[[ Task material open ]]

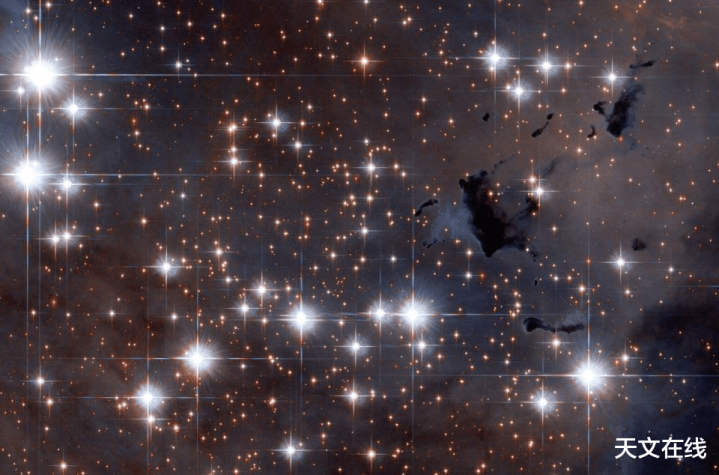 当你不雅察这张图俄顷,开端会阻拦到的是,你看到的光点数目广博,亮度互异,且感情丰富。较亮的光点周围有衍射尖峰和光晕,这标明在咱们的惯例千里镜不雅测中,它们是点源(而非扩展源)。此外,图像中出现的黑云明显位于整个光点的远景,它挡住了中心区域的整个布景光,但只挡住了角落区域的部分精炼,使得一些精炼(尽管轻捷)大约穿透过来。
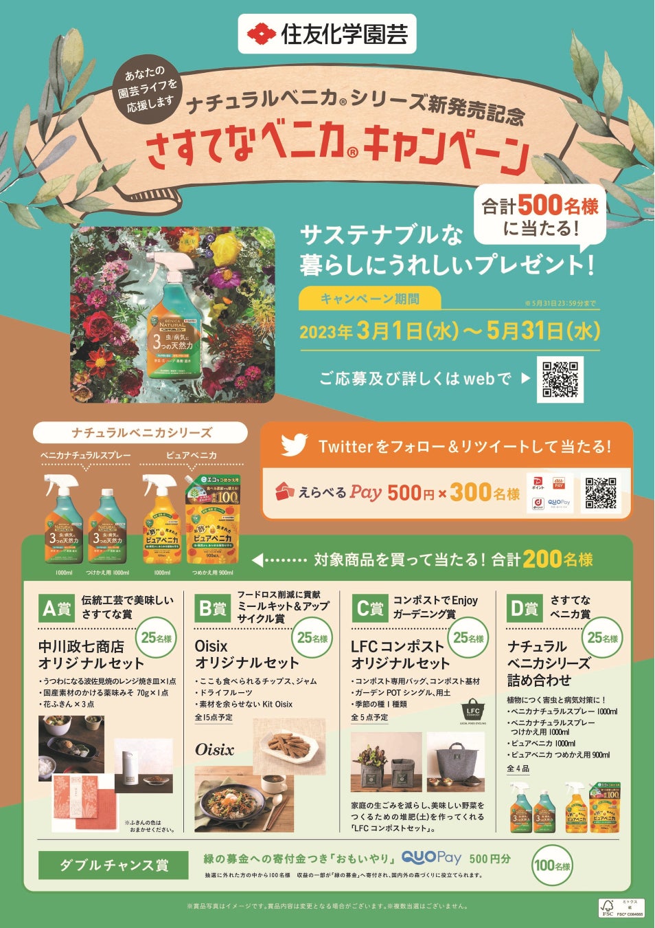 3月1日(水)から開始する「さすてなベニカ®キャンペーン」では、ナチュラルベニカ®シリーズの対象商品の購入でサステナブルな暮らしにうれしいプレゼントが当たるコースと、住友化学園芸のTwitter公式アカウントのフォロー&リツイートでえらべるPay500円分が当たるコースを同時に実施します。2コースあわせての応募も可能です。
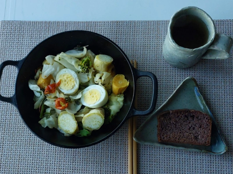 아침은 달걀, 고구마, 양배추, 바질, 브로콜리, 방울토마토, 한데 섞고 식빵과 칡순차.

[[ Task material closed ]]
[[ Task material open ]]

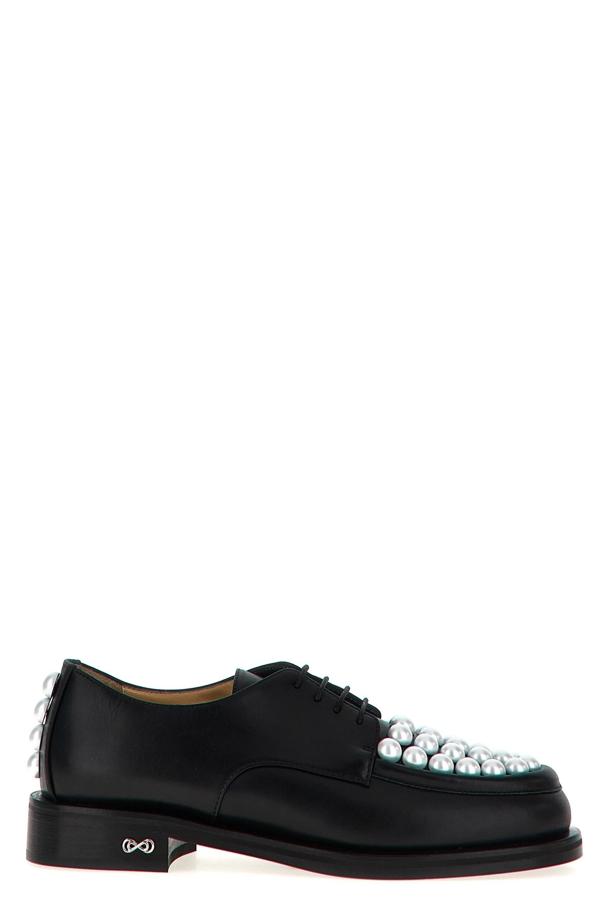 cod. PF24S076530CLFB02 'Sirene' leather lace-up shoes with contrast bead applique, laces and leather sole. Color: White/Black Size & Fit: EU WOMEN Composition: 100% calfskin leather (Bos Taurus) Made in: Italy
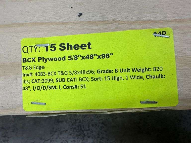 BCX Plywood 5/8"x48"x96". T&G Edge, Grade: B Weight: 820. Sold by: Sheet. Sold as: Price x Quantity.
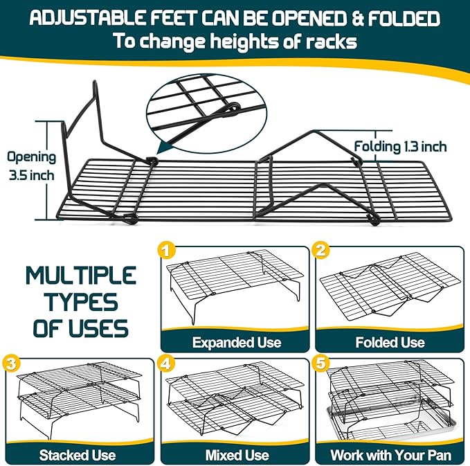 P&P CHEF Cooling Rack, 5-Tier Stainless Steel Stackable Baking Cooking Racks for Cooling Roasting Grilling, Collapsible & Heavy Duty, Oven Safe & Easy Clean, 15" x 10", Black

[[ Task material closed ]]
[[ Task material open ]]

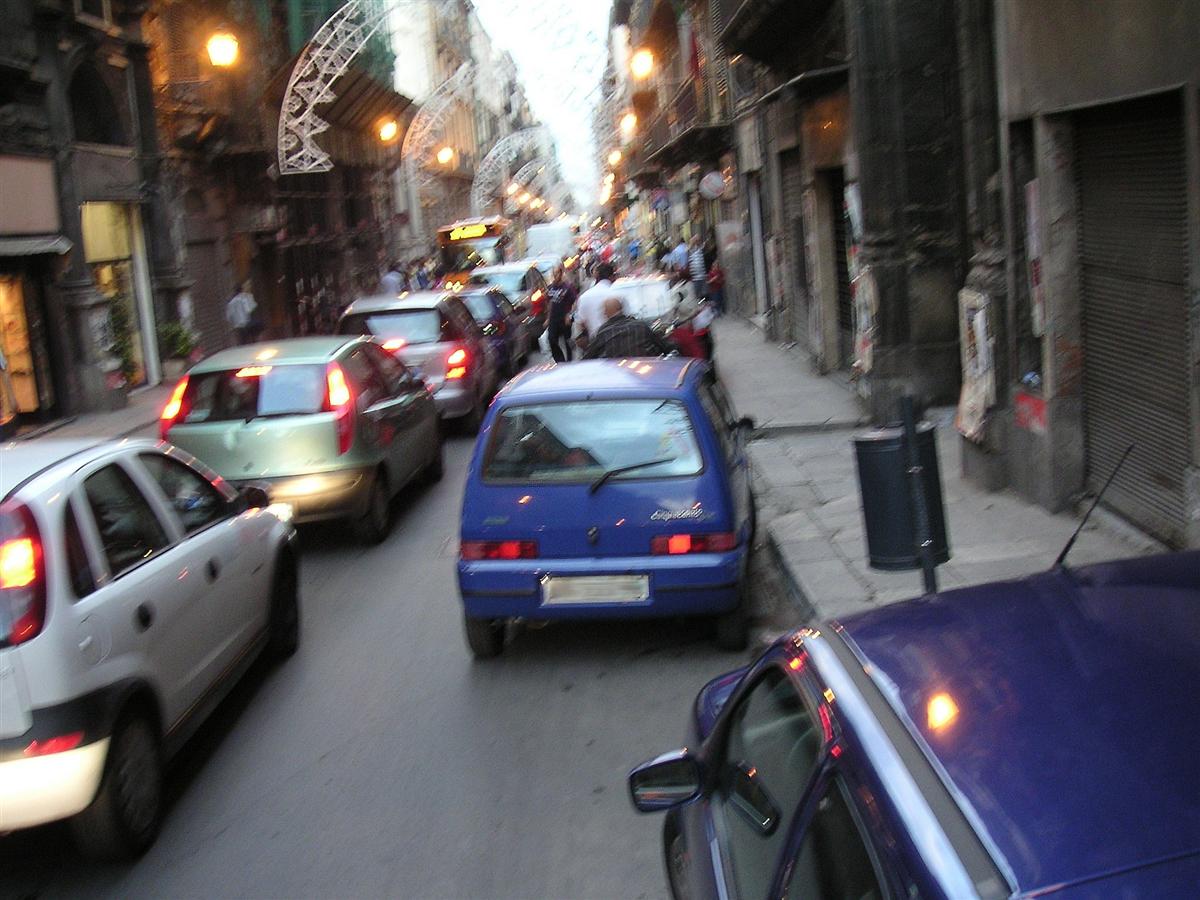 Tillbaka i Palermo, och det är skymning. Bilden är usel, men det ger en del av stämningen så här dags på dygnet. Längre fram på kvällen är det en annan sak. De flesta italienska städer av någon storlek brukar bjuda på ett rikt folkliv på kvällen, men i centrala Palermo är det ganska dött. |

[[ Task material closed ]]

*Your instructions*. Beginning with the line that contains "cod. PF24S076530CLFB02 'Sirene'" and ending with the line that contains "P&P CHEF Cooling", reproduce the listing exactly, pictures excluded.

*Response below*.
 cod. PF24S076530CLFB02 'Sirene' leather lace-up shoes with contrast bead applique, laces and leather sole. Color: White/Black Size & Fit: EU WOMEN Composition: 100% calfskin leather (Bos Taurus) Made in: Italy
 BCX Plywood 5/8"x48"x96". T&G Edge, Grade: B Weight: 820. Sold by: Sheet. Sold as: Price x Quantity.
 P&P CHEF Cooling Rack, 5-Tier Stainless Steel Stackable Baking Cooking Racks for Cooling Roasting Grilling, Collapsible & Heavy Duty, Oven Safe & Easy Clean, 15" x 10", Black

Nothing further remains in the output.